Cristo aparece como aquel que en medio de la humanidad se identifica con ella, asume su destino y lo lleva ante Dios, como aquel a quien Dios envía para que actúe con autoridad. Cristo es el lugar concreto donde la vida propia de Dios, la vida eterna, se hace accesible a los hombres. Pero Cristo es también aquel que está unido desde su libertad a toda la humanidad y es portador de ella, con sus negaciones y sus culpas, sus gozos y logros, portador del pecado de los hombres ante Dios.

La pasión de Cristo es un hecho, algo que ocurrió; un escándalo, porque un justo es eliminado por dos tribunales; un signo, el ajusticiado no responde a la violencia con violencia sino con amor y perdón; un misterio, pues Dios mismo está implicado invirtiendo la muerte de este justo para vida de todos los injustos. La contemplación de la pasión, como reconoce Olegario González de Cardedal, puede invitar al ateísmo (¿dónde está Dios que tolera la injusticia?) o a la conversión y confesión (Dios estaba compartiendo nuestra muerte y respondiendo a nuestra injusticia, ofreciéndonos la justicia y la santidad de su Hijo). Lo que los hombres van a quitarle a Cristo, él lo da anticipadamente por voluntad propia.
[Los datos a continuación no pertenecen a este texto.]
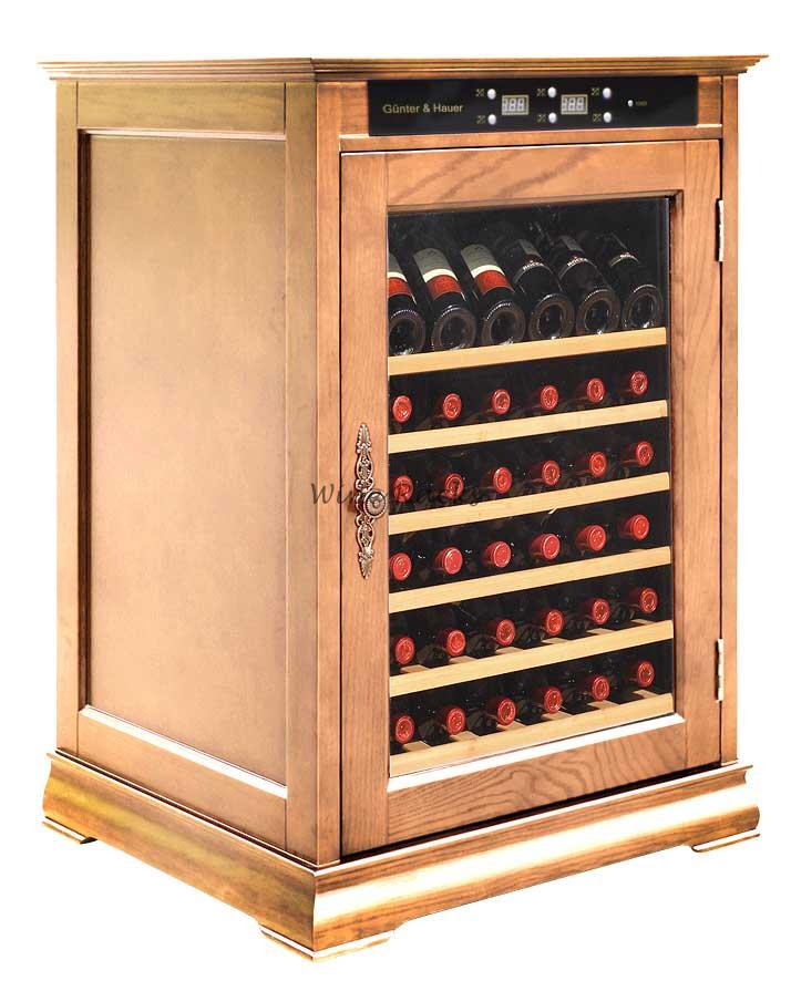 Винный шкаф Gunter&Hauer WK 138 A C1 - 48 бут., корпус американский дуб. Винный шкаф Gunter&Hauer WK 138 A C1 имеет контроль температуры компьютер, рег.темп. 5-22С. Винный шкаф Гюнтер и Хауэр WK 138 A C1 это также стекло с защитой от ультрафиолетовых лучей, антивибрационная система компрессора, 5полок, (ВхШхГ,см) 103х72х62,эл. кВт/ч в сутки 0,8,цвет махагон

Donde estaba el pecado destruyendo la relación del hombre con Dios, él pone su sangre y su vida para destruirlo y para que nosotros tengamos vida. 
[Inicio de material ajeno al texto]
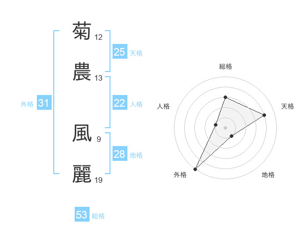 菊農 風麗さんを姓名の画数から五運を鑑定

Pero existe una perduración objetiva de su pasión. La pasión de Cristo es la pasión de todos los hombres y la pasión de todos los hombres es su pasión. En él estaban todos los condenados y crucificados de la tierra puestos ante Dios. La pasión de Cristo es el relato de un acontecimiento que tuvo lugar en el pasado y que es a la vez un presente. Cristo es el contemporáneo del hombre. La pasión de Cristo nos desvela nuestros secretos y nos confronta con nuestro pecado y con Dios, nos remite a los otros y al Otro, libres ya de cualquier pretensión para salvarnos por nosotros mismos. La relación del hombre con Cristo no es una relación determinada por el tiempo sino la relación con alguien que perteneciendo a la eternidad es inmediato a cada hombre. Mientras que exista el homo viator, su obra está por concluir, su pasión sigue viva. Mientras dure la historia no se ha consumado su misión y tenemos que revivirla para identificarnos con sus frutos: la paz y le perdón. ¿Querrá el hombre aceptar el paradigma del cristianismo como propuesta definitiva de sentido, reconducir su vida a la luz de la pasión de Cristo y su victoria sobre la muerte, o preferirá la clausura de su soledad y perdición?